Il conviendra aussi d'organiser la reconversion des établissements dont le service de chirurgie aura fait l'objet d'une fermeture. Celle-ci peut prendre de multiples formes - soins de suite ou de réadaptation, service d'accueil et d'urgence, maison de santé -l'expérience montrant que, bien menée, elle conduit généralement au développement du volume d'activité et à la création d'emplois.

Par ailleurs, la contrepartie indispensable de la restructuration de l'offre de soins chirurgicaux réside dans le développement des transports et dans la réduction de leur coût pour l'assurance maladie grâce, notamment, au développement de transports en commun de patients.

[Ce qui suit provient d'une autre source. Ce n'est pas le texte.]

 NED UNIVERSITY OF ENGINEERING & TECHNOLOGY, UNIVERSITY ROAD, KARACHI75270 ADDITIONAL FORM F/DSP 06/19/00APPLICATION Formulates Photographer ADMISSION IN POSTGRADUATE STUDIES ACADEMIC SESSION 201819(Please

En outre, la restructuration de l'offre de soins chirurgicaux aura des conséquences certaines sur l'activité des CHU. Ces établissements sont chargés d'une triple mission en chirurgie : assurer les soins de proximité, dispenser des thérapeutiques complexes et innovantes de recours et réaliser des interventions de référence. Or, la première de ces missions a tendance à se développer au préjudice des deux autres, en raison de la fréquentation croissante des urgences hospitalières. Conjuguée aux contraintes liées au respect pointilleux des règles applicables au temps de travail, cette situation conduit à ce que les salles d'opérations des CHU réalisent une production moitié moindre que dans le secteur privé.

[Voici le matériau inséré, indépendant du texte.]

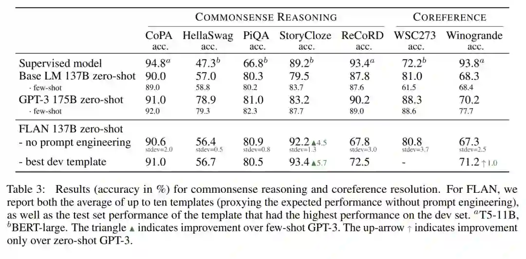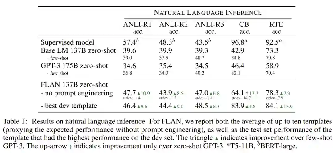 作者们使用了T5-11B和GPT-3作为基线模型。对于FLAN方法,作者同时给出了在目标任务上选择随机指令(no prompt engineering) 和在目标任务验证集上最优指令(best dev template)
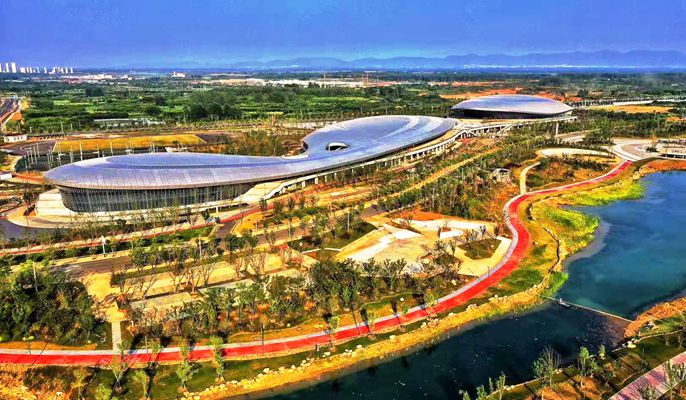 滁州高教科创城文体活动中心工程是安徽省“861”重点工程,也是滁州市十大重点工程之一,位于滁州市南谯新区乌衣镇内。工程包括手球馆、文化中心及游泳馆,总建筑面积约73257.86平方米,手球馆为弦支穹顶结构,文化中心及游泳馆为纵横相交异形桁架结构,飘带为异形树状柱加异形网架结构。其中手球馆弦支穹顶区域最大跨度为76米,悬挑桁架最大悬挑为33米,游泳馆最大跨度38米,文化中心屋盖钢结构最大跨度44米。工程框架结构多为“圆弧形”异型结构,屋面多为大跨度钢网架钢结构,工程采用大量的曲线设计,呼应建筑 “飞燕”及“祥云”的设计立意。

a donc plaidé pour un renforcement de l'activité programmée de la chirurgie publique. A cet effet, il convient de dégager du temps médical pour les médecins hospitaliers en limitant le poids des contraintes administratives et de développer leur activité de recherche clinique en chirurgie dans les CHU grâce à une plus grande ouverture, y compris financière, au monde industriel, scientifique et universitaire.

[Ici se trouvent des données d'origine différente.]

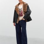 Chaqueta biker efecto piel con solapa cuello e interior de pelo con animal print
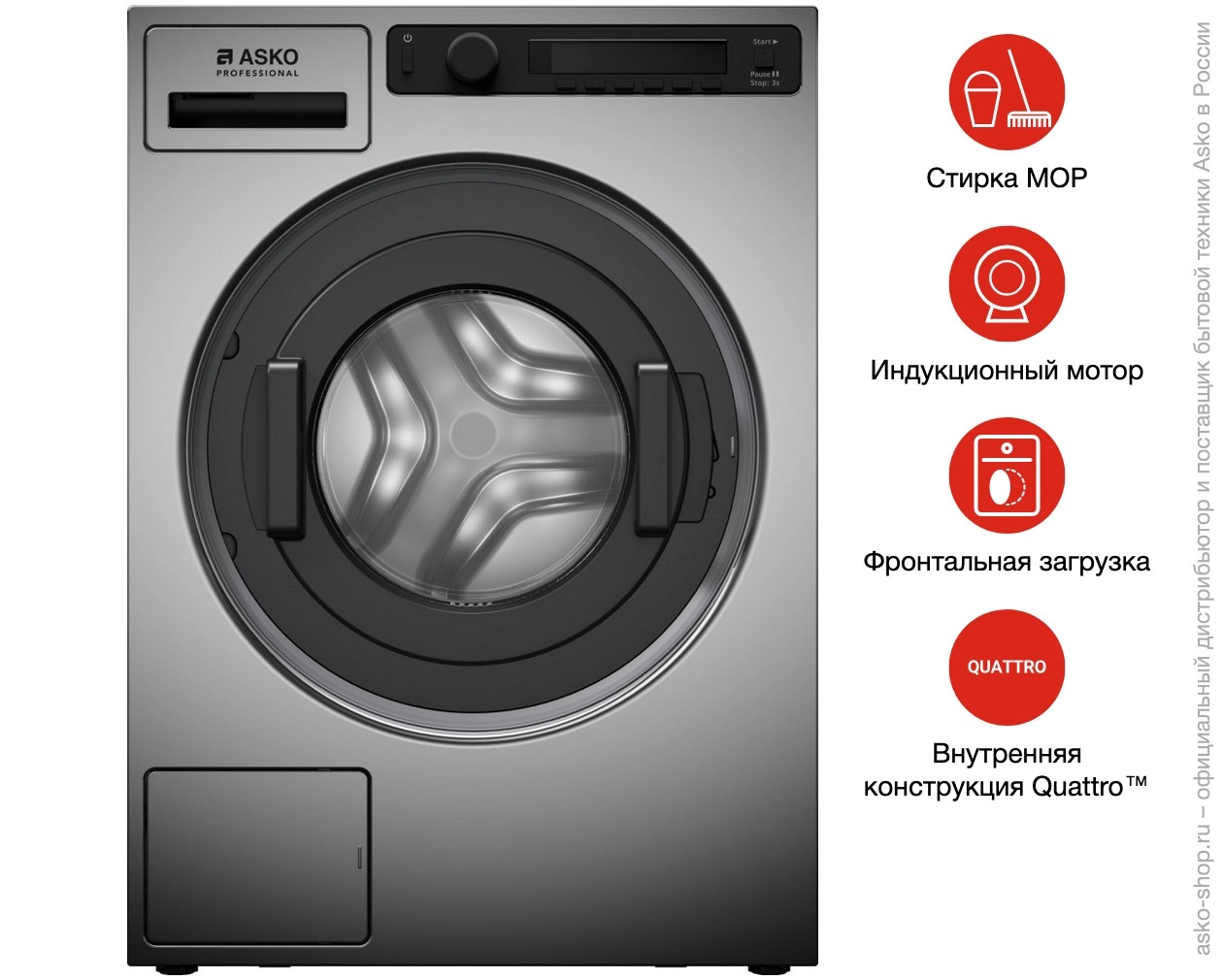Относится к профессиональному типу. Электронная панель управления располагается спереди, можно быстро выбрать одну из 26 предустановленных программ (в том числе для стирки микрофибры, МОПов и дезинфекции), так и создать индивидуальную. Барабан Active Drum™ обеспечивает деликатный уход за любым типом ткани. Модель подготовлена к работе с платежными системами и монетоприемником. Ножки регулируются по высоте. Вы легко разместите конструкцию на любом покрытии. Оборудована 6-ступенчатой защитой от протечек. Специальные датчики контролируют подачу воды. Если они обнаружат неисправность, тут же включат откачку жидкости. Бак и все основные детали сделаны из нержавеющей стали. Они не ржавеют и не деформируются. Изделие прослужит вам много лет.

Simultanément, dans le cadre de la restructuration envisagée, le secteur privé devra être associé à l'obligation de permanence des soins. Cela suppose notamment le développement de services d'urgence dans les établissements privés - il existe déjà des pôles opérationnels spécialisés d'urgence comme « SOS main » - ou, au minimum, la conclusion de conventions entre ces praticiens et les services d'urgence des hôpitaux.

Cette nécessaire collaboration entre public et privé pourrait toutefois être rendue délicate par le fait que de nombreuses cliniques sont rachetées par des fonds privés dans l'objectif de rentabiliser l'activité de ces structures, au détriment du maintien de spécialités chirurgicales peu rémunératrices et plus risquées.

En conclusion, M. Alain Milon, rapporteur, a appelé à un rapprochement du public et du privé dans les domaines de la formation, de la rémunération et de l'organisation de l'offre de soins, comme l'ont également proposé Gérard Larcher et Guy Vallancien dans le cadre de leurs récents travaux.